PROBLEM DETAILS
The line with "本次活动分为四部分。在活动第" marks the start; please set it down along with all later lines through the end of the material, exactly, leaving out pictures.

:: STORED DATA ::

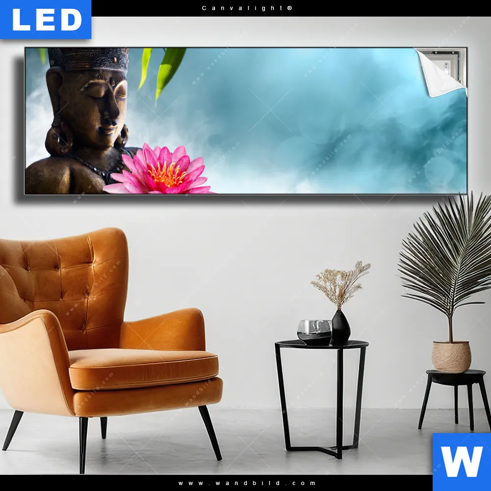 Canvalight® TEX Leuchtbild | Buddha Statue mit Seerose | Panorama
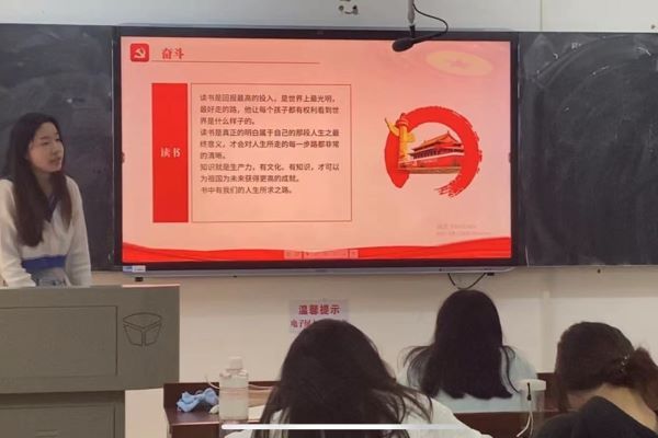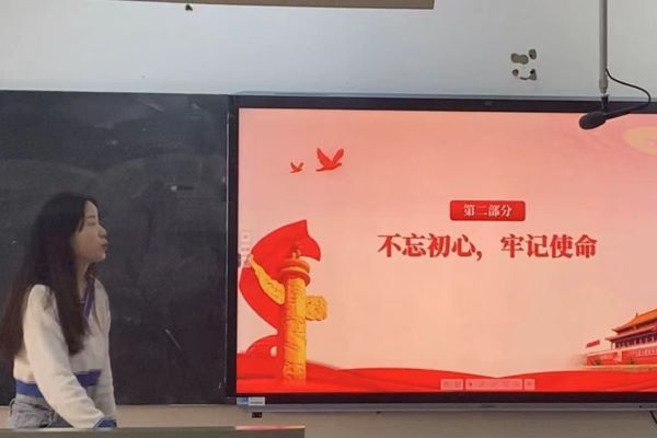 本次活动分为四部分。在活动第一部分,卫丹丹从各个方面为同学解释了“青春”这一词的含义。第二部分同学们通过学习习近平总书记在二十大发表的重要讲话,领会到“奋斗”的重要性。随后,卫丹丹为同学们讲述了各个年代青年人的奋斗历程,使同学们感受到青春与奋斗是紧紧联系在一起的。活动的最后,同学们对于“青春时期我们该如何奋斗”这一问题进行讨论,发表自己看法与意见。
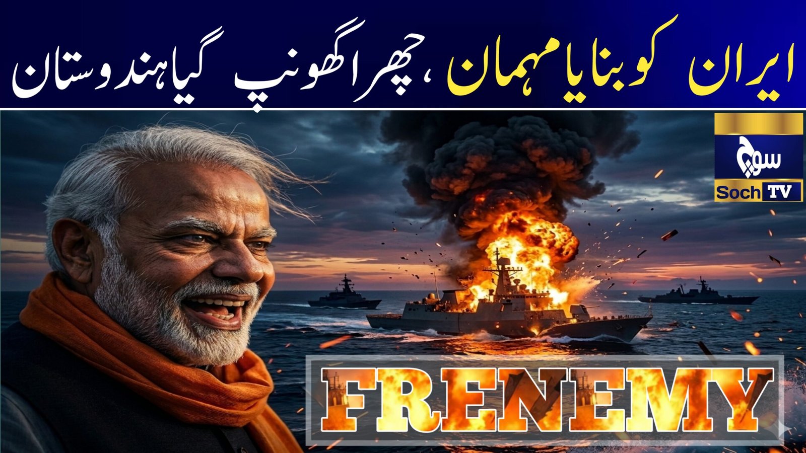 چارمارچ 2026 کو بحرِ ہند میں پیش آنے والے ایک غیر معمولی بحری واقعے نے عالمی سطح پر توجہ حاصل کر لی۔ ایران کا جدید جنگی جہازآئرس ڈینا اچانک ایک زور دار دھماکے کے بعد آگ اور دھوئیں میں گھِر گیا اور چند ہی لمحوں میں شدید نقصان کا شکار ہو گیا۔

:::

ANSWER TO THE EXERCISE
 本次活动分为四部分。在活动第一部分,卫丹丹从各个方面为同学解释了“青春”这一词的含义。第二部分同学们通过学习习近平总书记在二十大发表的重要讲话,领会到“奋斗”的重要性。随后,卫丹丹为同学们讲述了各个年代青年人的奋斗历程,使同学们感受到青春与奋斗是紧紧联系在一起的。活动的最后,同学们对于“青春时期我们该如何奋斗”这一问题进行讨论,发表自己看法与意见。
 چارمارچ 2026 کو بحرِ ہند میں پیش آنے والے ایک غیر معمولی بحری واقعے نے عالمی سطح پر توجہ حاصل کر لی۔ ایران کا جدید جنگی جہازآئرس ڈینا اچانک ایک زور دار دھماکے کے بعد آگ اور دھوئیں میں گھِر گیا اور چند ہی لمحوں میں شدید نقصان کا شکار ہو گیا۔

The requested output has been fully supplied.